→ **Exercise goal**:
Retype the material below exactly, from its first line through the line with "Le modèle à"; the pictures stay out.

→ **Source material**:
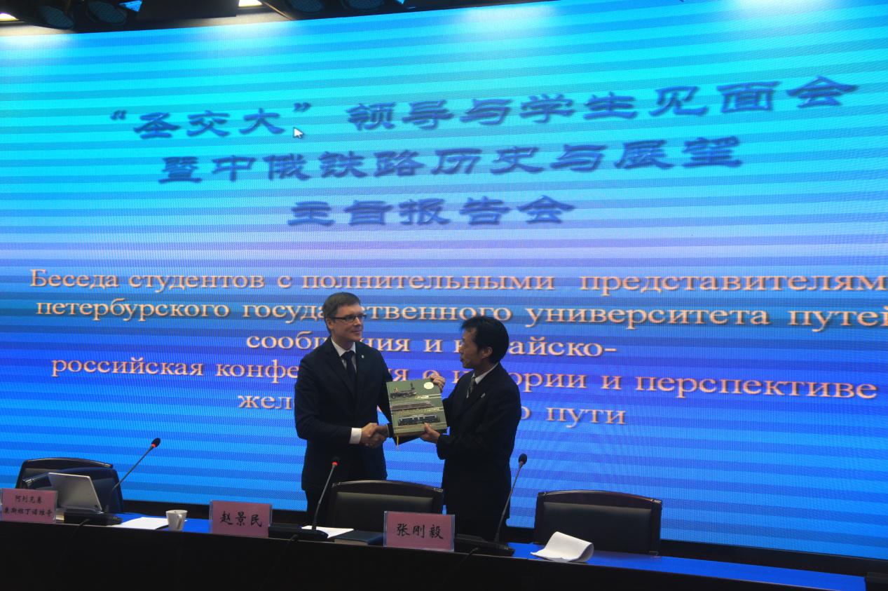 阿列克赛先生在致辞中充分肯定了国际交通学院为学生提供的优雅办学环境和教学条件。介绍了中俄两国在交通领域的密切合作和未来人才需求的美好前景。他表示,将翘首以待,盼望着大家以友好使者的身份,积极投身于两国教育交流的大潮之中。会上,阿列克赛先生代表俄罗斯圣彼得堡交通大学向我院赠送了“俄罗斯铁路交通中心博物馆200周年纪念册”。
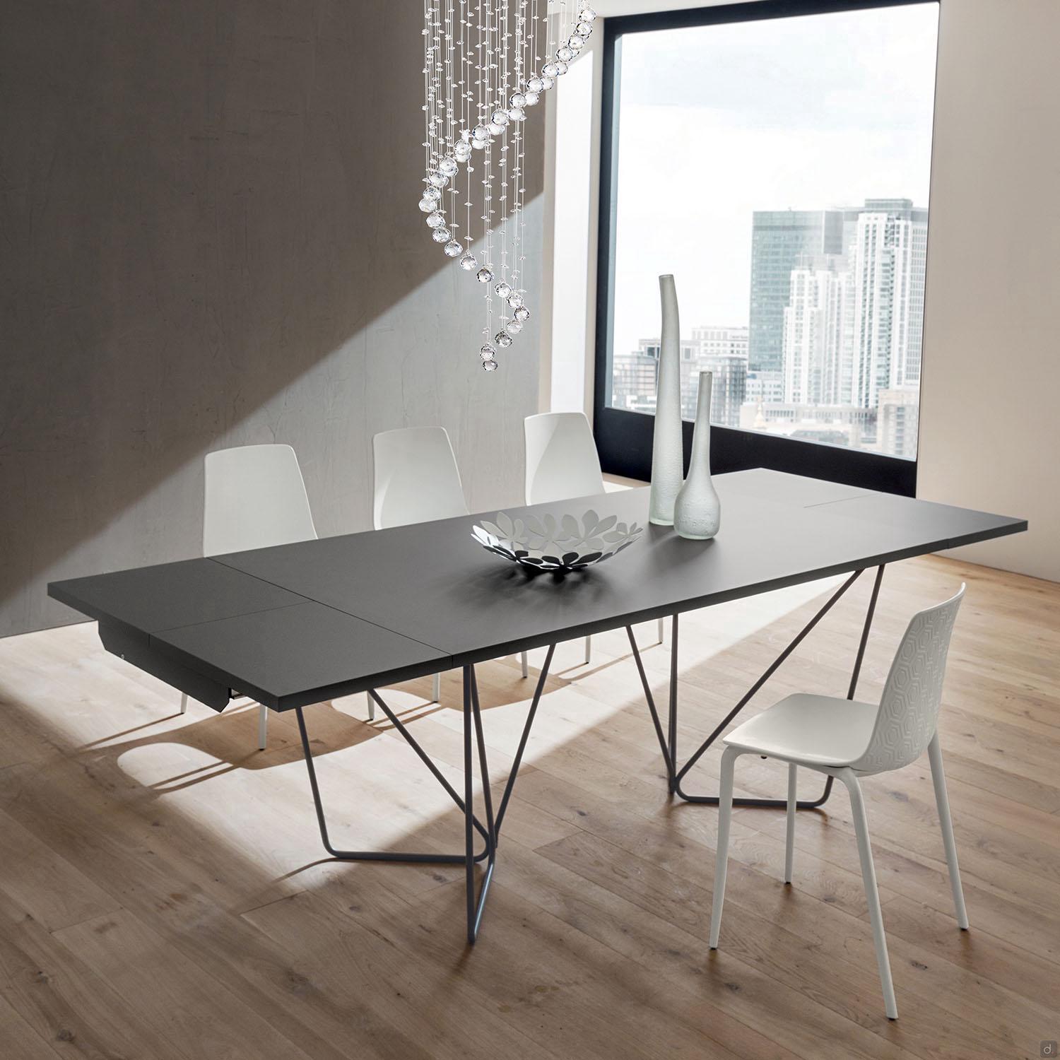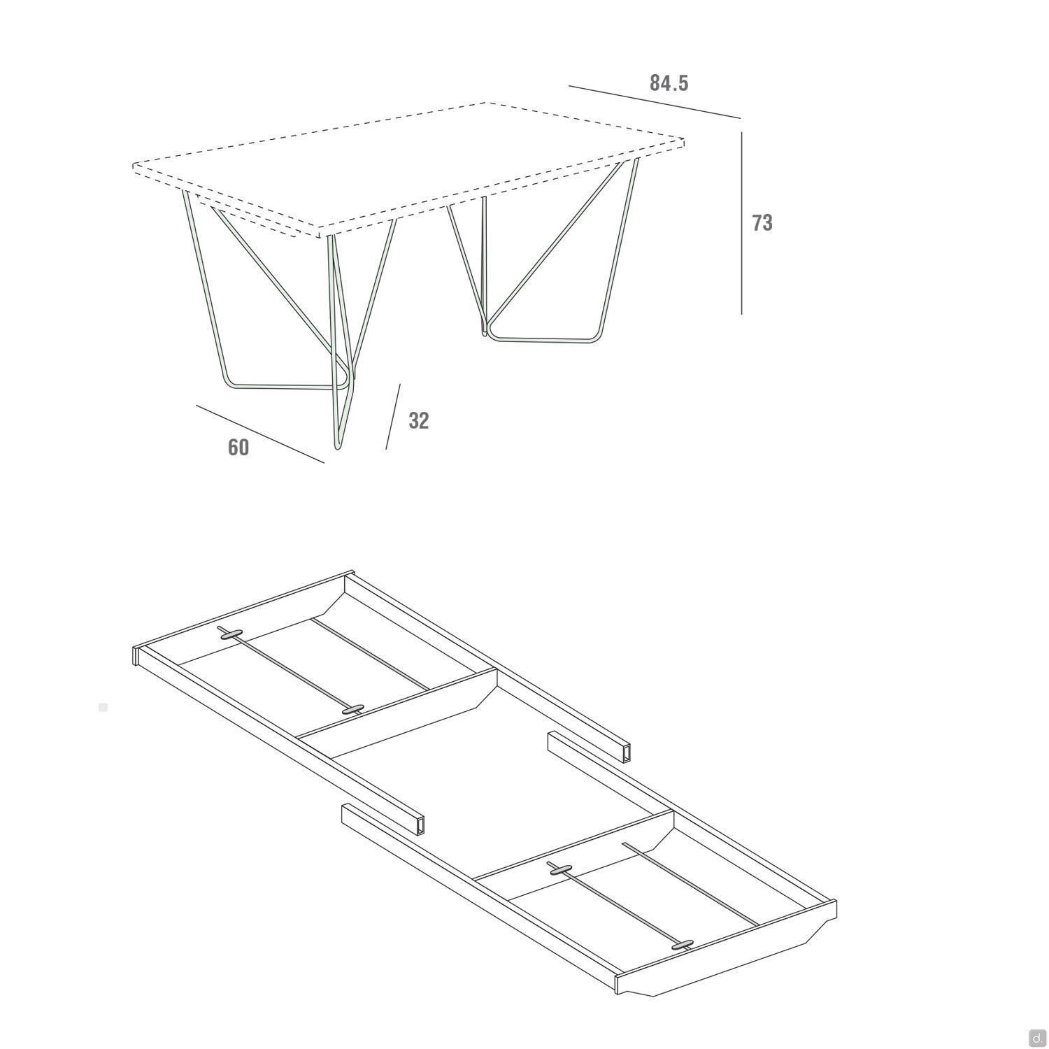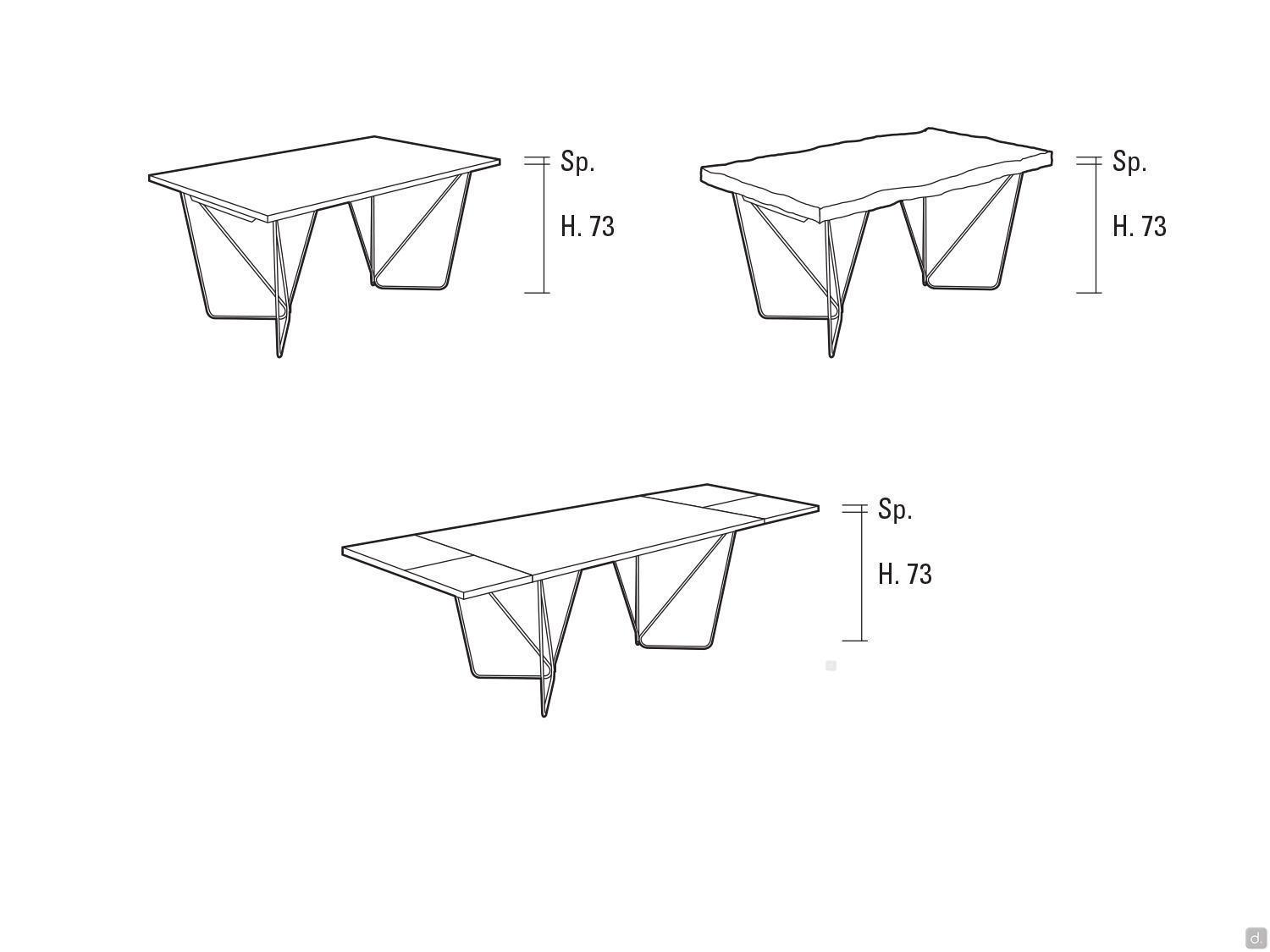 Le modèle à rallonges présente deux rallonges qui se rangent sous le plateau de 40 cm chacune, exctractibles grâce à un pratique mécanisme de rallonges réalisé en métal verni assorti aux pieds. Alastor est une table idéale pour meubler un séjour moderne, hautement personnalisable selon les exigences.
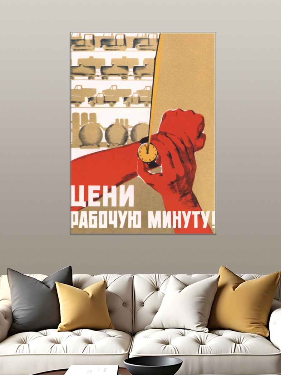 Описание: Картина 50 на 70 "Цени рабочую минуту" представляет собой яркий и выразительный плакат, который передает мощное послание о значимости времени и труда. На картине изображена рука, держащая часы, что символизирует ценность каждой минуты. Фон состоит из стилизованных изображений грузовиков и промышленных объектов, что подчеркивает тему работы и производства. Эта картина вызывает широкий спектр эмоций: от вдохновения до мотивации действовать и ценить каждое мгновение. Яркие красные и бежевые цвета создают контраст, привлекая внимание и создавая атмосферу энергичности и активности. Она может стать источником вдохновения в вашем рабочем пространстве или уютной атмосферы в домашнем интерьере. Картина отлично впишется в различные стили интерьера: от индустриального до модерн. Ее можно повесить в офисе, кабинете, на кухне или в студии, где она будет напоминать о важности времени и труда. Благодаря своему выразительному дизайну и актуальному посланию, она станет не только элементом декора, но и стимулом к действию для вас и ваших гостей.
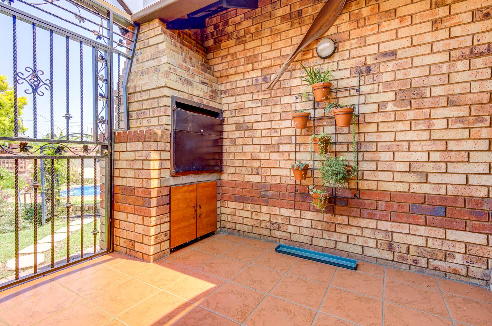 Discover this charming 3 bedroom, 2 bathroom home nestled in a residential complex within the sought-after Van Riebeeck Park, Kempton Park. The property immediately impresses with its durable brick exterior, classic tiled roof, and a well-maintained, compact front garden, complemented by a paved driveway leading to a convenient double garage. Step inside to an inviting open-plan living area, featuring practical tiled flooring that extends throughout. Large glass sliding doors flood the space with natural light and offer seamless access to the outdoor entertainment area with built-in braai. The functional kitchen boasts wooden cabinetry and a built-in wine rack, catering to everyday needs. Comfort is assured with air conditioning units installed in key areas, including one of the bedrooms.Accommodation comprises three comfortable bedrooms and two bathrooms, providing ample space for a family. Each room is designed for practicality, with tiled floors ensuring easy maintenance.
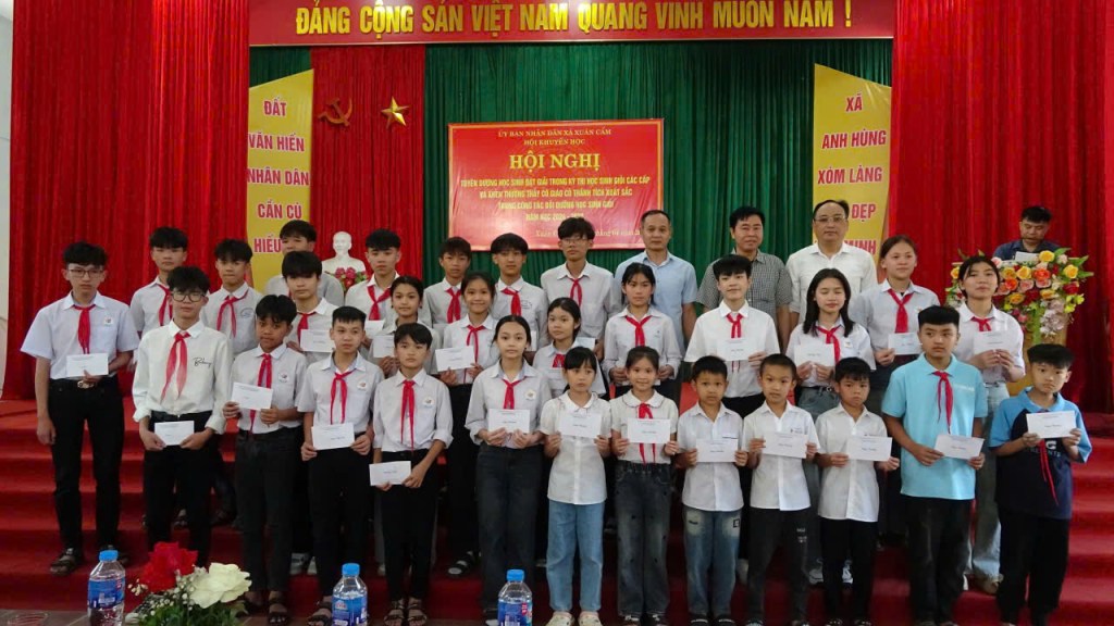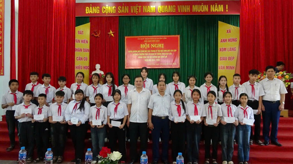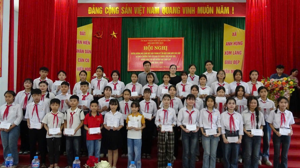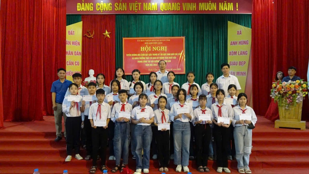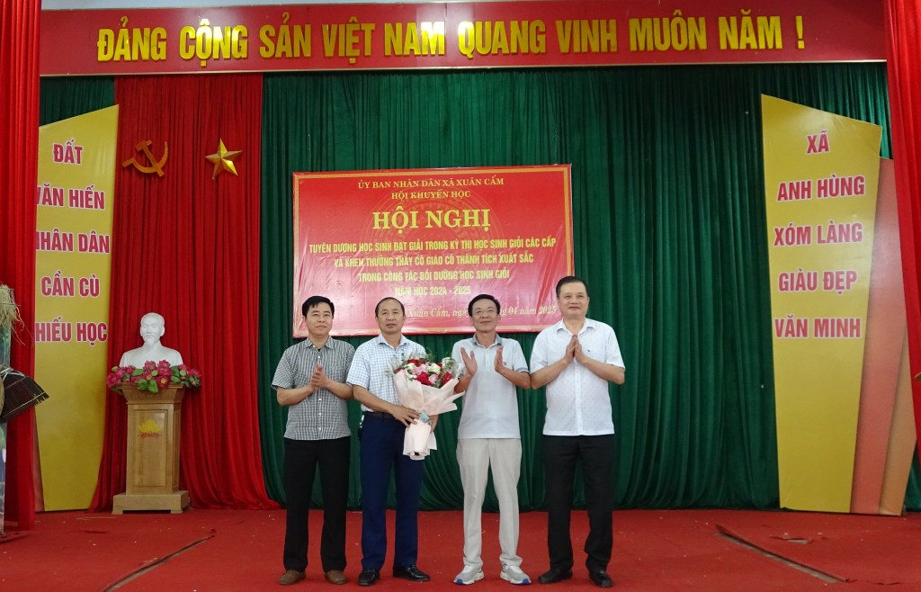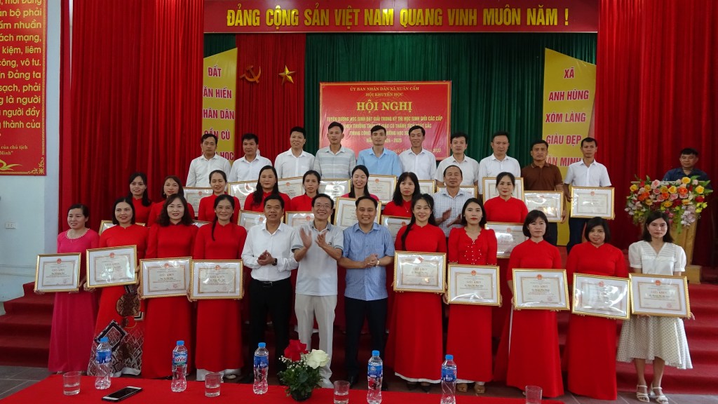 Chiều 16/4/2025 UBND xã Xuân Cẩm trang trọng tổ chức “Hội nghị tuyên dương học sinh đạt giải, trong kỳ thi học sinh giỏi các cấp và khen thưởng các thầy cô giáo có thành tích xuất sắc trong công tác bồi dưỡng học sinh giỏi(HSG) năm học 2024- 2025.

→ **Solution**:
 阿列克赛先生在致辞中充分肯定了国际交通学院为学生提供的优雅办学环境和教学条件。介绍了中俄两国在交通领域的密切合作和未来人才需求的美好前景。他表示,将翘首以待,盼望着大家以友好使者的身份,积极投身于两国教育交流的大潮之中。会上,阿列克赛先生代表俄罗斯圣彼得堡交通大学向我院赠送了“俄罗斯铁路交通中心博物馆200周年纪念册”。
 Le modèle à rallonges présente deux rallonges qui se rangent sous le plateau de 40 cm chacune, exctractibles grâce à un pratique mécanisme de rallonges réalisé en métal verni assorti aux pieds. Alastor est une table idéale pour meubler un séjour moderne, hautement personnalisable selon les exigences.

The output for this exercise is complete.